Much like the river traffic, Disney Imagineers will have to come up with a creative way to shield the locomotive trains that constantly circle the park from intruding "in a galaxy far, far away."
One solution would be a diorama tunnel similar to the Grand Canyon and Primeval World tableaus already in place along the circuitous train route.
7. How long will "Fantasmic" be down?
"Fantasmic" draws thousands of visitors nightly to the Rivers of America waterfront for a stage show featuring animated scenes projected on water screens, acrobatic stunts on the Columbia and a fireworks finale with Disney characters aboard the Mark Twain.
Over the past decade, "Fantasmic" has gone down for extended periods as sound, lighting and projector upgrades have been added to the show along with a new animatronic dragon.
How long will construction close the Rivers of America? While no return date has been set for "Fantasmic," Disneyland officials say the hiatus will last more than a year. It will be interesting to see if the show that debuted in 1992 returns in time for its 25th anniversary.

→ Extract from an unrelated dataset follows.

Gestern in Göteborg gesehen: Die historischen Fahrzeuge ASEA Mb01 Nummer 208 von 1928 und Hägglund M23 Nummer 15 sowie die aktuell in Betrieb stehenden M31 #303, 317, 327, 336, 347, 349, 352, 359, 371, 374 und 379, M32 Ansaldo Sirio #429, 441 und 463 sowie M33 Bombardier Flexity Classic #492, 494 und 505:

8. What happens to the employees?
Disney announced the upcoming closures now in part to notify its employees of the sweeping changes.
The temporary closures will likely affect hundreds of park employees, performers and support personnel who work on the railroad and nighttime show as well as the riverboat, sailing ship, canoes and rafts that ply the river.
Disneyland officials say the affected employees will be offered other positions in the park during the closures.